A new project at Brown University, the Archaeology of College Hill. Taught, appropriately enough, more or less right alongside Lovecraft’s old garden, by the sound of it and by what can be seen in the photos.
The students have…
began an archaeological excavation of a green space next to Brown’s List Art Building … [the old] 58 College St. … In the late 1930s, it housed the now-inactive Alpha Tau Omega fraternity.
This was the closely adjacent building, close enough for Lovecraft to observe students from his windows, as his sunsets lowered into dusk and one might see into other houses before the curtains were drawn. The place featured in “The Haunter of the Dark”…
Students in the Psi Delta house, whose upper rear windows looked into Blake’s study, noticed the blurred white face at the westward window on the morning of the 9th, and wondered what was wrong with the expression.
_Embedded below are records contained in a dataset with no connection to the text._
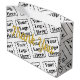 Du kan ersätta visningen med din logotyp. Den kommer att finnas som mönster på mjukpapperet. Det finns ett faux-skript (inte foil) guld som du kan redigera för att skapa ett anpassningsbar-meddelande. (Visas: Tack)
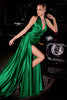 * Fitted satin halter gown with a leg slit
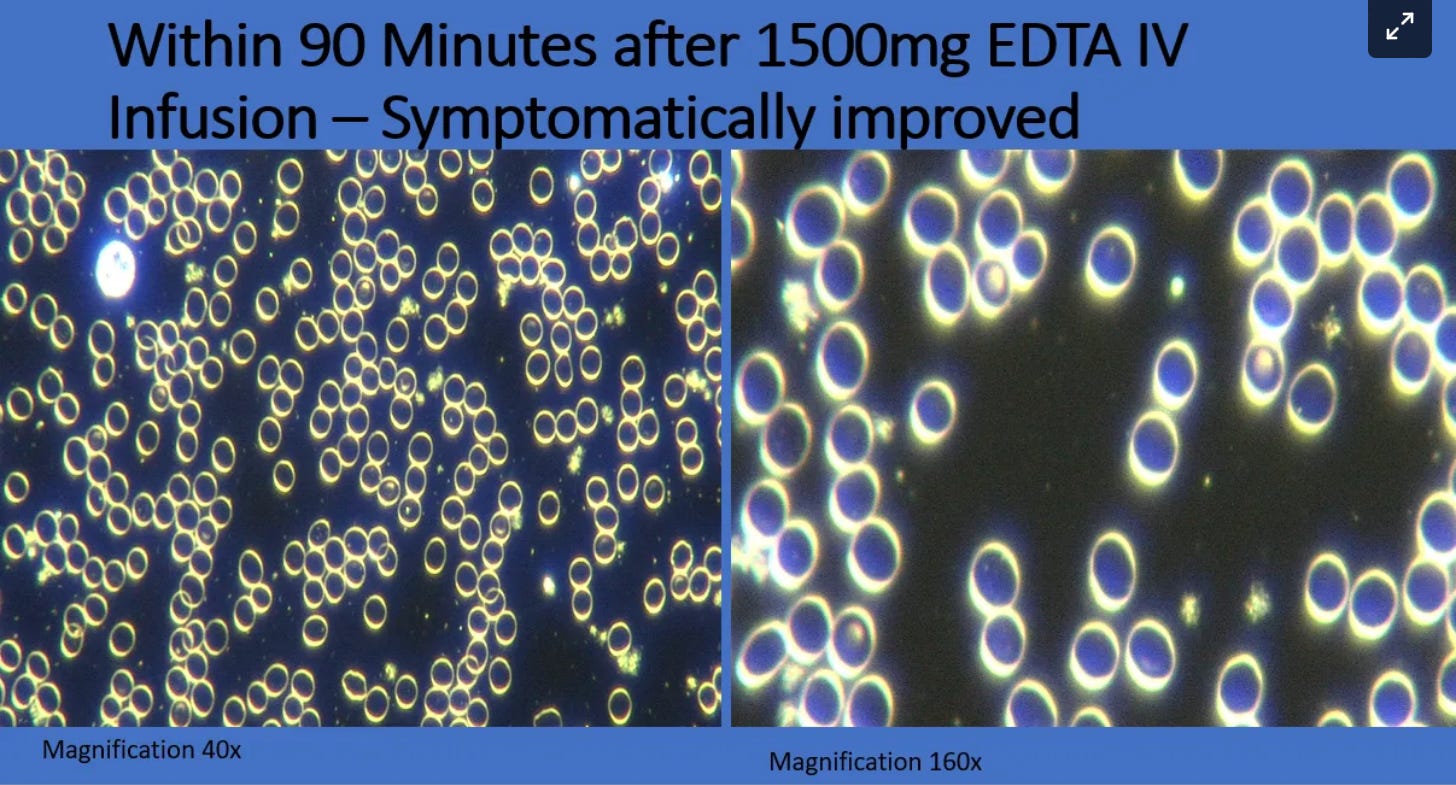 EDTA Chelation has been around for a over half a century, and has been successfully used by trained physicians. Recently, some doctors have been questioning my reports that EDTA Chelation is a beneficial therapeutic for the toxic metal contamination from vaccines and environmental sources - as well as my observed resolution of micro clotting in live blood analysis and clearing of live blood samples of the “Hydrogel Graphene” Ribbon structures seen.
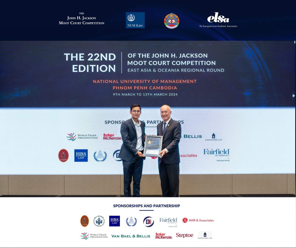At Sithisak Law Office, we are proud to play an active role in nurturing the next generation of legal professionals and promoting academic excellence in the field of international trade law. As part of our continuing commitment to legal education, we were honored to serve as a sponsorship partner of the East Asia & Oceania Regional Round of the 22nd John H. Jackson Moot Court Competition (JHJMCC), hosted by the National University of Management (NUM) from 9–13 March 2024 in Phnom Penh.
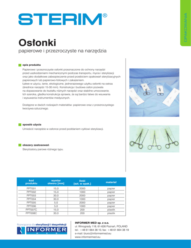 Osłonki papierowe i przezroczyste na narzędzia opis produktu Papierowe i przezroczyste osłonki przeznaczone do ochrony narzędzi przed uszkodzeniami mechanicznymi podczas transportu, mycia i sterylizacji oraz jako dodatkowe zabezpieczenie przed przebiciem opakowań sterylizacyjnych papierowych lub papierowo-foliowych i zakażeniem. Łatwe w użyciu, tanie, ekologiczne, jednorazowego użytku osłonki na ostrza (średnice narzędzi 15-30 mm). Konstrukcja i budowa osłon pozwala na dopasowanie do kształtu różnych narzędzi oraz stabilne umocowanie. Ich szeroka, gładka konstrukcja sprawia, że są bardzo łatwe do wsuwania i wysuwania instrumentów medycznych. Dostępne w dwóch rodzajach materiałów: papierowe oraz z przezroczystego tworzywa sztucznego. sposób użycia Umieścić narzędzie w osłonce przed poddaniem cyklowi sterylizacji. obszary zastosowań Sterylizatory parowe różnego typu. kod produktu wymiar otworu [mm] ilość [szt. w opak.] materiał PPT001 PPT002 PPT003 PPT004 PPT005 PPT006 PPT007C PPT008C 15,0 15,0 30,0 30,0 5,0 5,0 15,0 30,0 2000 1000 2000 1000 2000 1000 200 200 papier papier papier papier papier papier plastik plastik Rozwiązania dla sterylizacji i dezynfekcji INFORMER MED sp. z o.o. ul. Winogrady 118, 61-626 Poznań, POLAND tel.: +48 61 664 38 10, fax: +48 61 664 38 19 e-mail: [email protected] www.informermed.eu

Close enough for students to also see Lovecraft’s (Blake’s) expression while at his desk. There was no “Psi Delta” chapter in Providence, according to Annotated Lovecraft. It was thus Lovecraft’s polite gloss on the real Alpha Tau Omega. Presumably he had no wish to antagonise his direct neighbours, should they come to read the tale. As well they might. Yet the Tau Omega is referenced a little later in the story…
A youth in the Tau Omega fraternity house thought he saw a grotesque and hideous mass of smoke in the air just as the preliminary flash burst, but his observation has not been verified.
One hopes the current Brown students may move just a few yards back toward the List building in the future, and thus begin to excavate the site of Lovecraft’s garden. Now there’s an idea for a Mythos story.
Also relating to the List building, here’s one which may interest pychogeographers more than archaeologists. Just over 40 years after Lovecraft’s death, a 1978 meditation by Debra Shore on the top floor of the cramped and apparently rather spooky List Art Building. This is the modernist building the edge of which is seen in the above photo, and which stands on the site of Lovecraft’s home at 66 College Street. The peice for the Brown Alumni Monthly seems oblivious to the shade of Lovecraft, although obliquely evokes The Rats In the Walls, Pickman’s Model, Hypnos and others, for those who know their Lovecraft…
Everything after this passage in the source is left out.